[Material to process]:
╔══
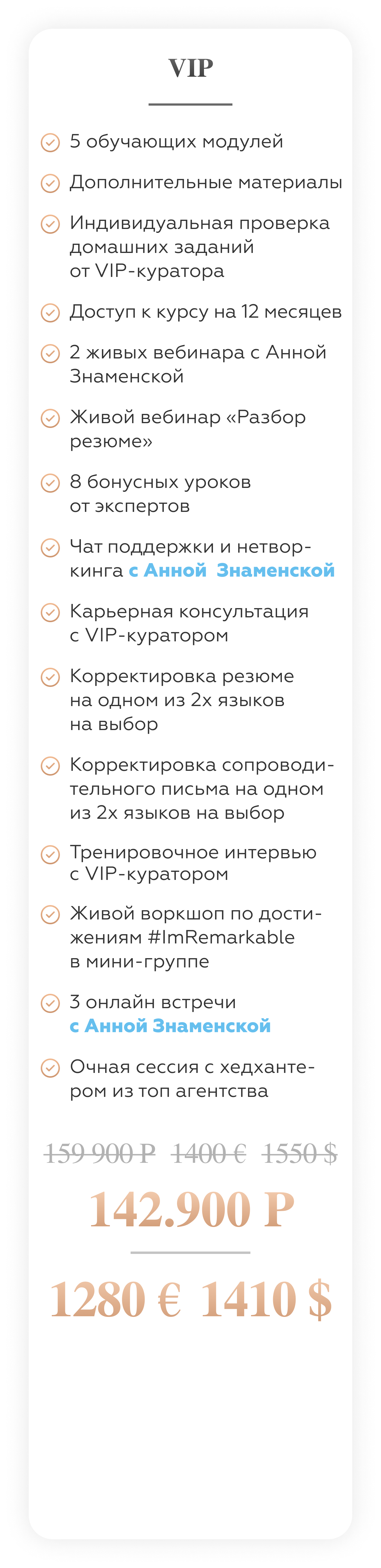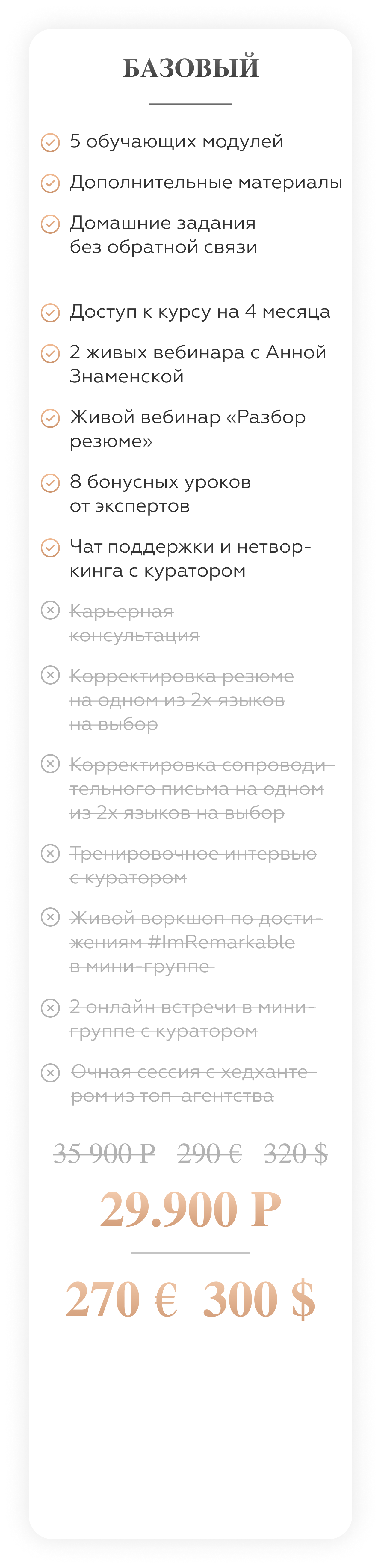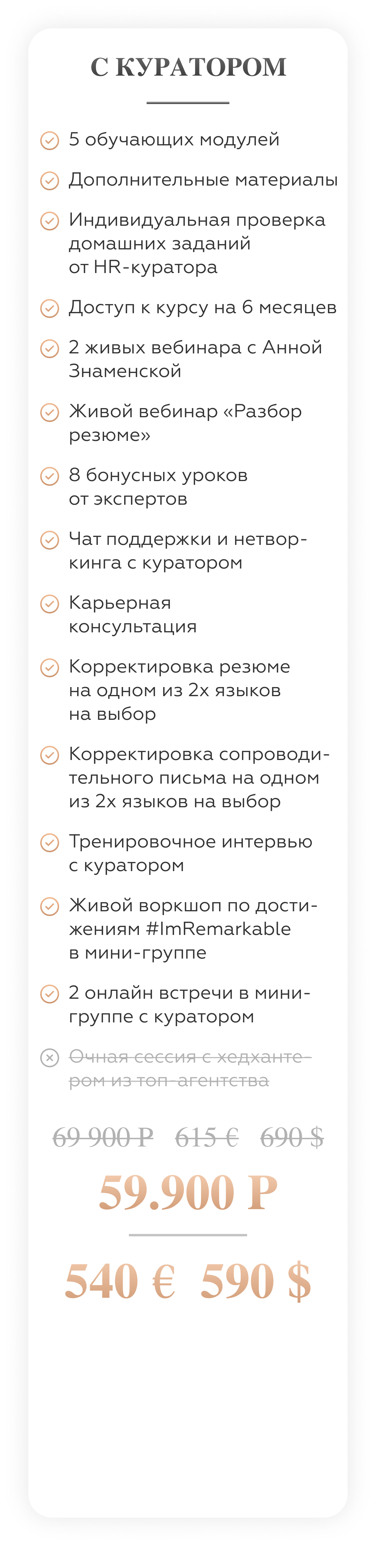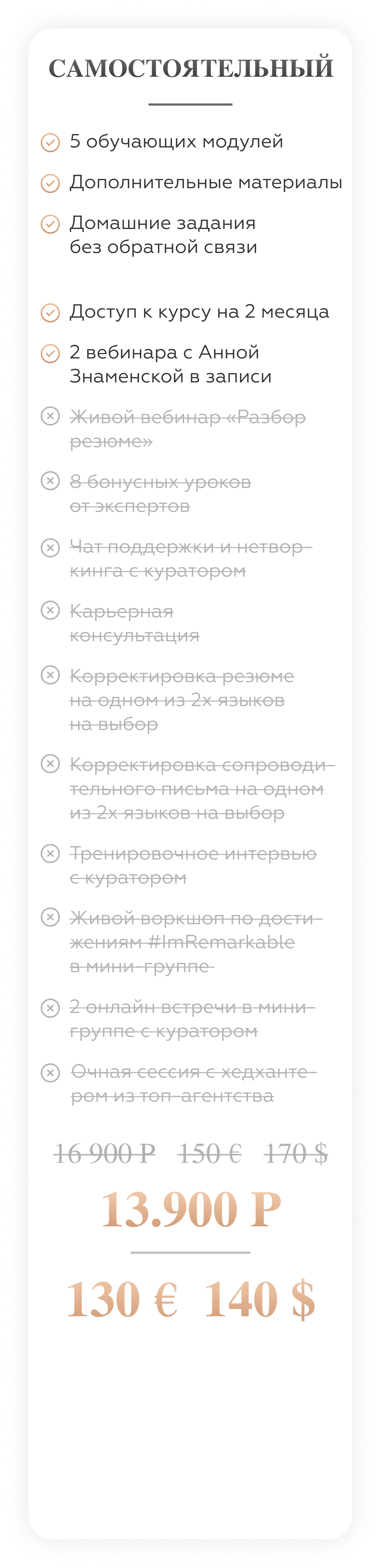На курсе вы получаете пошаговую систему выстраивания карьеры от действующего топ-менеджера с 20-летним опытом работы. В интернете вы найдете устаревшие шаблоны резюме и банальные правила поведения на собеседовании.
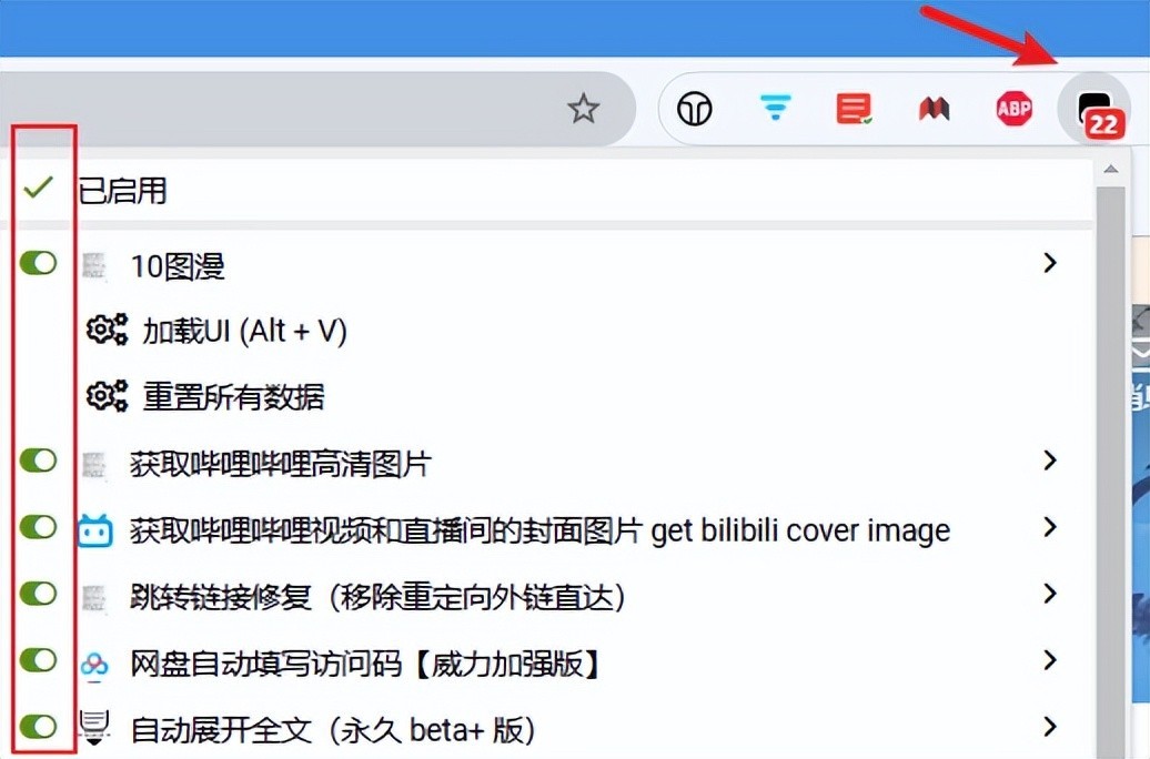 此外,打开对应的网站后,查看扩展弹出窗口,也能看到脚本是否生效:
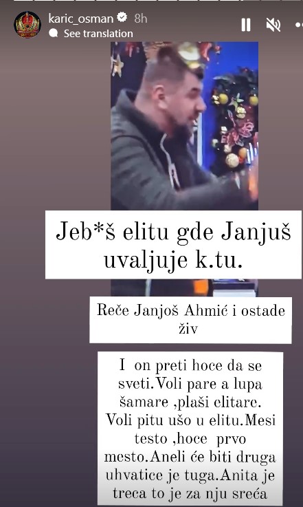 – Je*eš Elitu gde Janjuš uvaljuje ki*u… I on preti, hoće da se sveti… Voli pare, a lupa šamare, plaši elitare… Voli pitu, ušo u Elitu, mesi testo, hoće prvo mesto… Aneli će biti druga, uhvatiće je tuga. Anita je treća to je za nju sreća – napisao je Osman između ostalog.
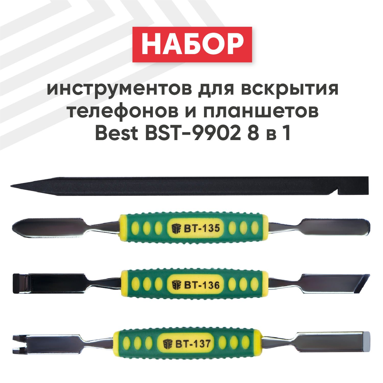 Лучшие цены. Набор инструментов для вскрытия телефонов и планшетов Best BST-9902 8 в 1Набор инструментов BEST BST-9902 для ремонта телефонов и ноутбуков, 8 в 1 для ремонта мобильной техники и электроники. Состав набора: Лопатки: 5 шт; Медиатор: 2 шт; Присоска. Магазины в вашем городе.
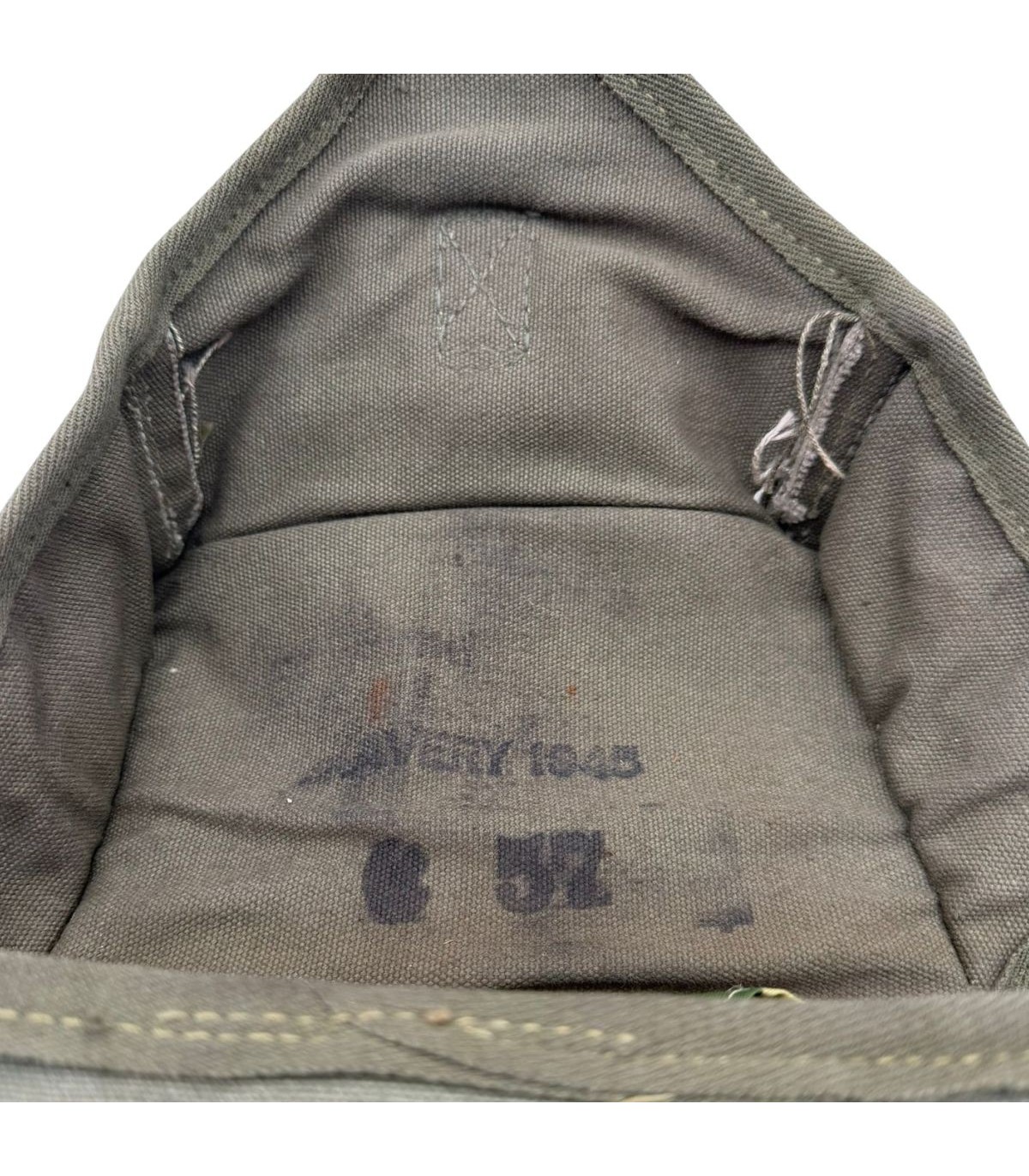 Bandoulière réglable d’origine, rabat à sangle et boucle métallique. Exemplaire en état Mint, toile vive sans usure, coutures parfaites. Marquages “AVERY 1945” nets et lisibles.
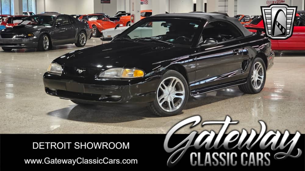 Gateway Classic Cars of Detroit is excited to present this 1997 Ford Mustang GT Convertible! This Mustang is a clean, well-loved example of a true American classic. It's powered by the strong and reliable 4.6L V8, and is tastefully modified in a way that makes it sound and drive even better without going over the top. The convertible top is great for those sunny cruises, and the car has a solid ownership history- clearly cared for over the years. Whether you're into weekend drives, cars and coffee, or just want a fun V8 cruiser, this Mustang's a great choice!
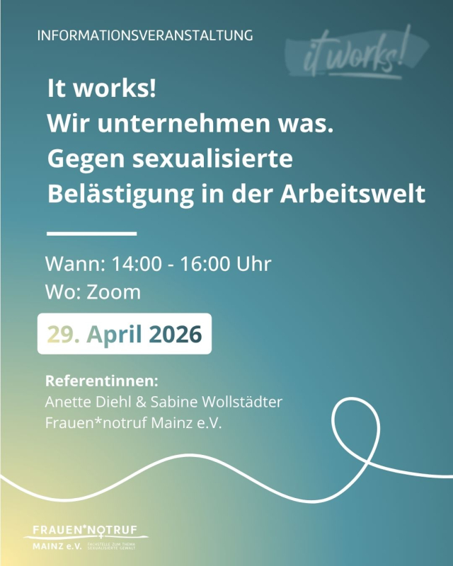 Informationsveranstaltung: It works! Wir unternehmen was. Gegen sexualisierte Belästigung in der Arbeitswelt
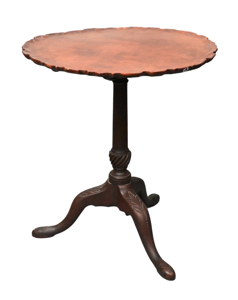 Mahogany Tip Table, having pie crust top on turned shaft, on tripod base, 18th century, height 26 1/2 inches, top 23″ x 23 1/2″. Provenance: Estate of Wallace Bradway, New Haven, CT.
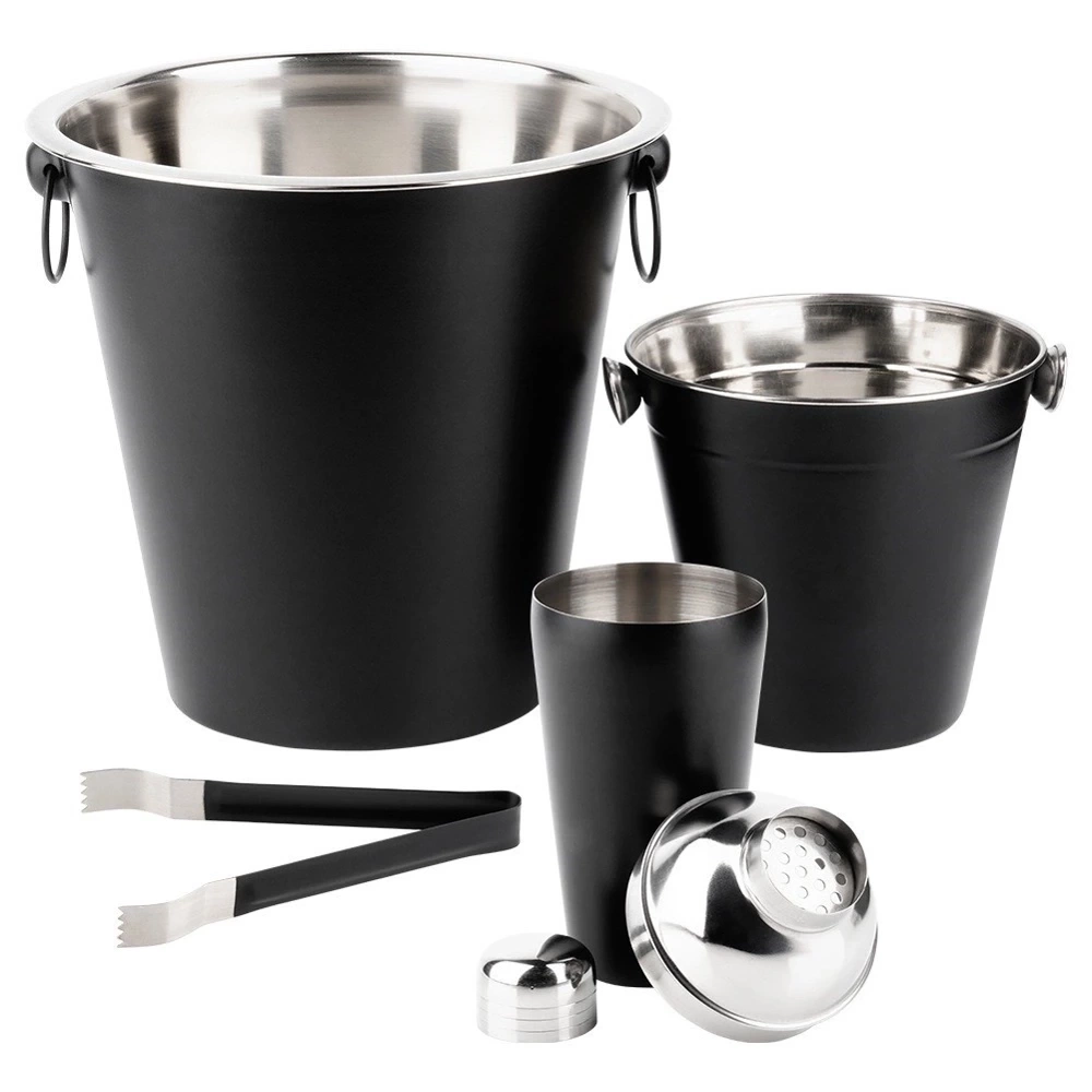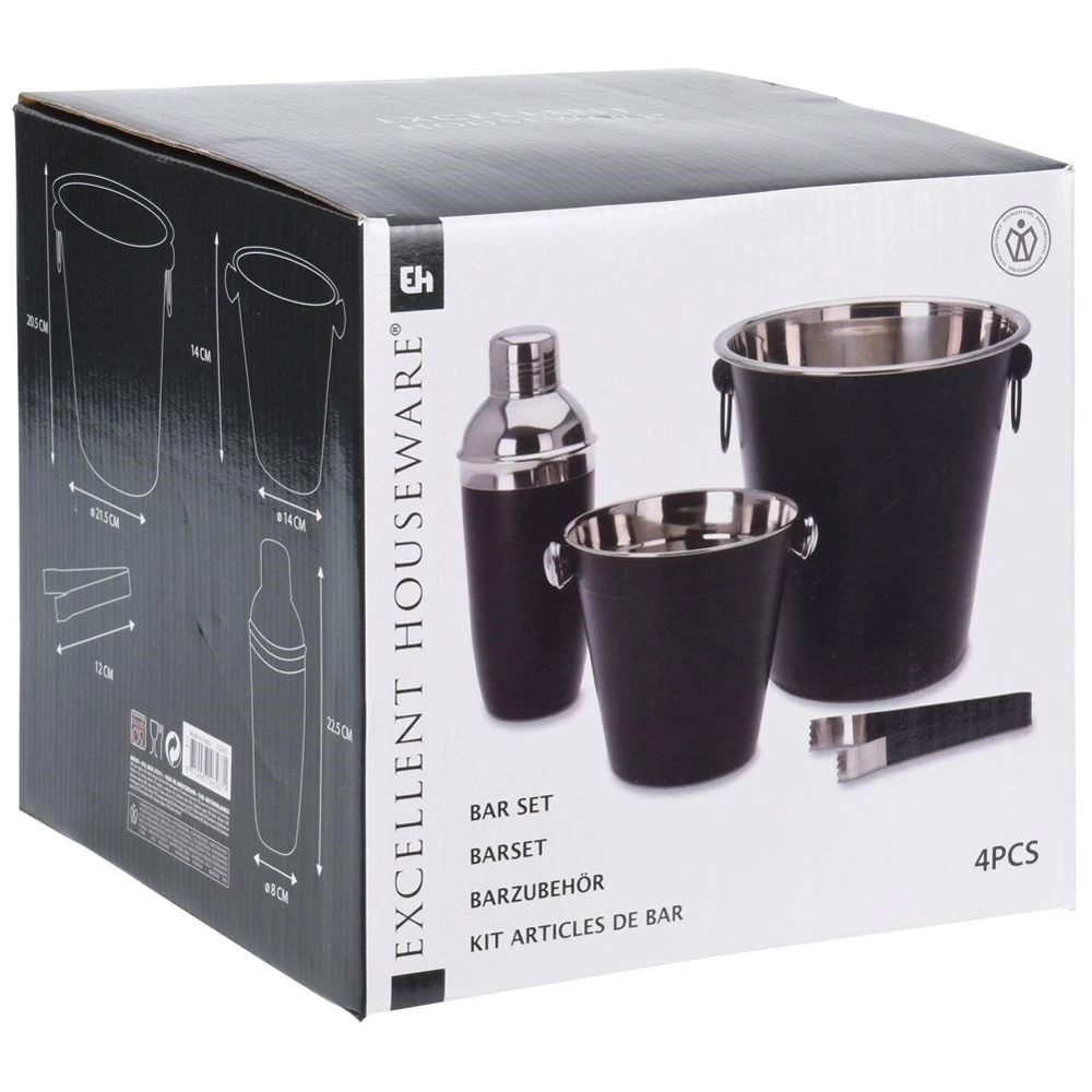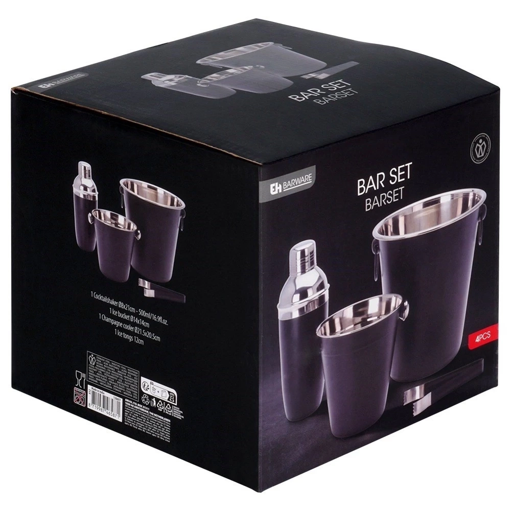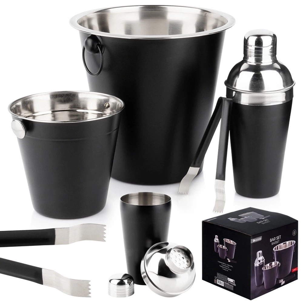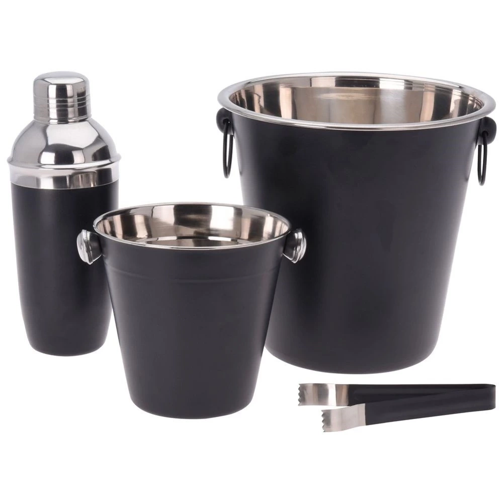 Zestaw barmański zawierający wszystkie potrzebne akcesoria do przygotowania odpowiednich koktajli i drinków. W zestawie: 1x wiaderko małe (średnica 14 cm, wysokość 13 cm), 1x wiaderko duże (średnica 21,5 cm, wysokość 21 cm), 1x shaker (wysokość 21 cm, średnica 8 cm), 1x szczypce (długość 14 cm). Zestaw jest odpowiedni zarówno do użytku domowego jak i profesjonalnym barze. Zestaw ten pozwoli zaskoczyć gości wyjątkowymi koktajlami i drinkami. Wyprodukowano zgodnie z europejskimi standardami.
╚══
[Try it]: Could you reproduce exactly the lines from the one containing "Gateway Classic Cars" through the last line of the records, both included, leaving out the pictures?

[Written solution]:
 Gateway Classic Cars of Detroit is excited to present this 1997 Ford Mustang GT Convertible! This Mustang is a clean, well-loved example of a true American classic. It's powered by the strong and reliable 4.6L V8, and is tastefully modified in a way that makes it sound and drive even better without going over the top. The convertible top is great for those sunny cruises, and the car has a solid ownership history- clearly cared for over the years. Whether you're into weekend drives, cars and coffee, or just want a fun V8 cruiser, this Mustang's a great choice!
 Informationsveranstaltung: It works! Wir unternehmen was. Gegen sexualisierte Belästigung in der Arbeitswelt
 Mahogany Tip Table, having pie crust top on turned shaft, on tripod base, 18th century, height 26 1/2 inches, top 23″ x 23 1/2″. Provenance: Estate of Wallace Bradway, New Haven, CT.
 Zestaw barmański zawierający wszystkie potrzebne akcesoria do przygotowania odpowiednich koktajli i drinków. W zestawie: 1x wiaderko małe (średnica 14 cm, wysokość 13 cm), 1x wiaderko duże (średnica 21,5 cm, wysokość 21 cm), 1x shaker (wysokość 21 cm, średnica 8 cm), 1x szczypce (długość 14 cm). Zestaw jest odpowiedni zarówno do użytku domowego jak i profesjonalnym barze. Zestaw ten pozwoli zaskoczyć gości wyjątkowymi koktajlami i drinkami. Wyprodukowano zgodnie z europejskimi standardami.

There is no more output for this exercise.